Os métodos de modulação estudados no capítulo anterior distinguem-se através do tipo de modulação, frequência da portadora, meio de transmissão, potência utilizada, etc, mas tem em comum o facto de que em todos eles a amplitude ou a fase de uma onda sinusoidal varia com o tempo de modo a transmitir a mensagem útil.

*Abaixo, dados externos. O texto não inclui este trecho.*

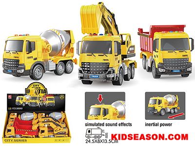 | DESC: | 1:18 SCALE LIGHT UP & SOUNDS INERTIA MIXER,EXCAVATOR & DUMP TRUCK TOYS SET (6PCS/BOX) | |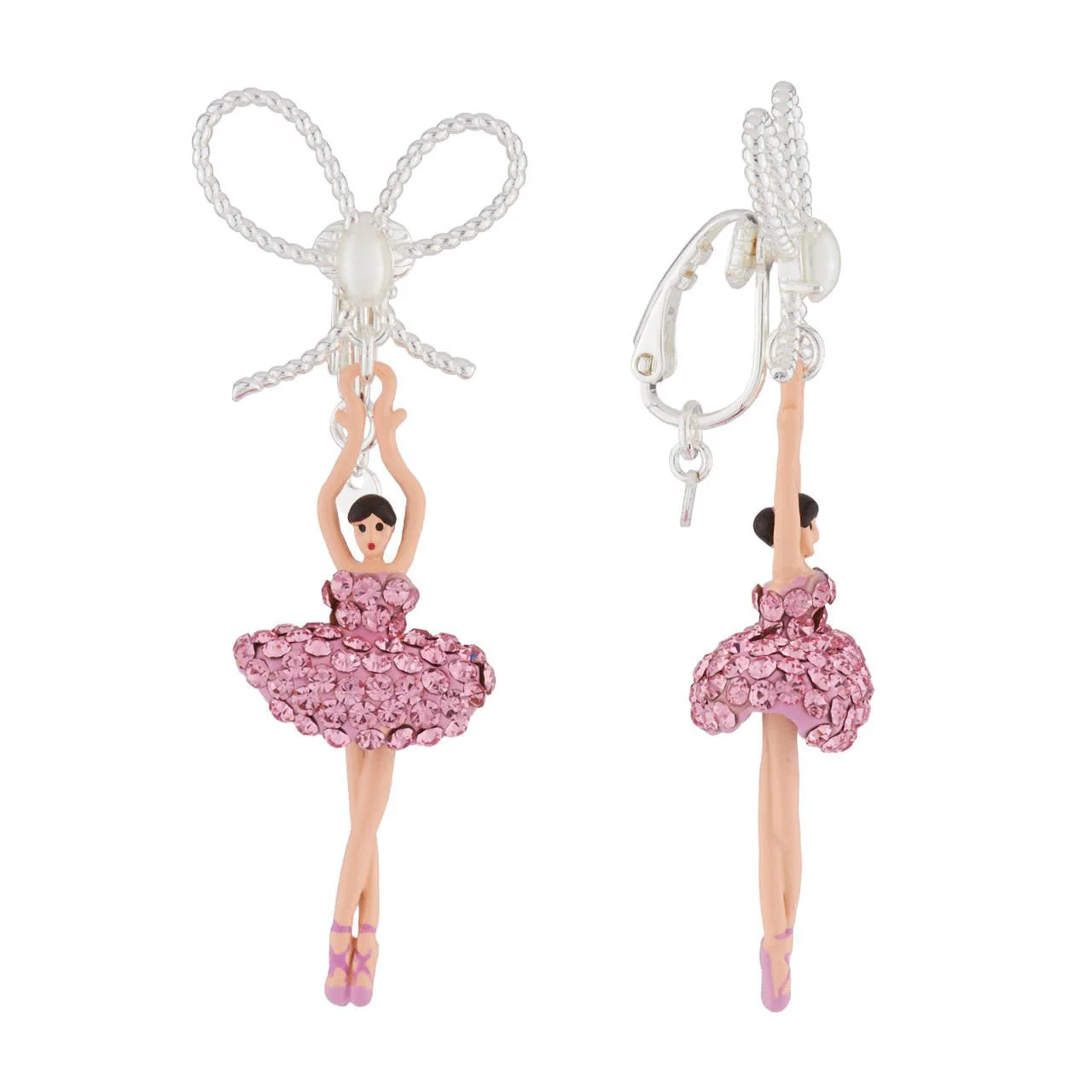 Introducing the Pas de Deux Lux Light Rose Earrings by Les Nereides. These exquisite earrings are inspired by the graceful ballerinas of the Opera de Paris. Crafted with attention to detail, they feature gold plated brass (18k), rhinestone, pearl, and hand painted enamel. The stud is made of surgical steel, ensuring comfort and durability. With a length of 5.5cm and a width of 2cm, these earrings are the perfect addition to any outfit. Please note that for hygiene reasons, stud, hook, and sleepers earrings cannot be exchanged or returned. Each piece of jewellery is sent in its Les Nereides packaging, reflecting the brand's commitment to quality and elegance. Elevate your style with the Pas de Deux Lux Light Rose Earrings from Les Nereides.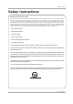Safety Instructions Safety Instructions IMPORTANT SAFETY INSTRUCTIONS Important safety instructions shall be provided with each apparatus. This information shall be given in a separate booklet or sheet, or be located before any operating instructions in an instruction for installation for use and supplied with the apparatus. This information shall be given in a language acceptable to the country where the apparatus is intended to be used.

Neste capítulo vamos abordar os circuitos de recepção que em grande medida são comuns aos vários métodos de modulação descritos anteriormente pois, em todos eles, de uma forma ou de outra vai ser necessária uma translação em frequência (agora no sentido contrário) e portanto vão ser utilizados também osciladores, misturadores e fitros passa-banda.

Desmodulação

A desmodulação de sinais modulados em AM faz-se através da extração do envelope do sinal passabanda, podendo ser efectuada de forma não coerente, i.e., sem conhecer de forma exacta a frequência do sinal modulador. Já o mesmo não acontece para a desmodulação de fase que necessita ser feita em modo coerente com o emissor, já que a informação é transmitida exactamente na fase do sinal recebido. Existe um grande número de técnicas para efectuar a desmodulação seja de amplitude seja da fase. Na prática esta tarefa encontra-se grandemente simplificada se as componentes em fase e quadratura forem previamente extraídas utilizando o envelope complexo.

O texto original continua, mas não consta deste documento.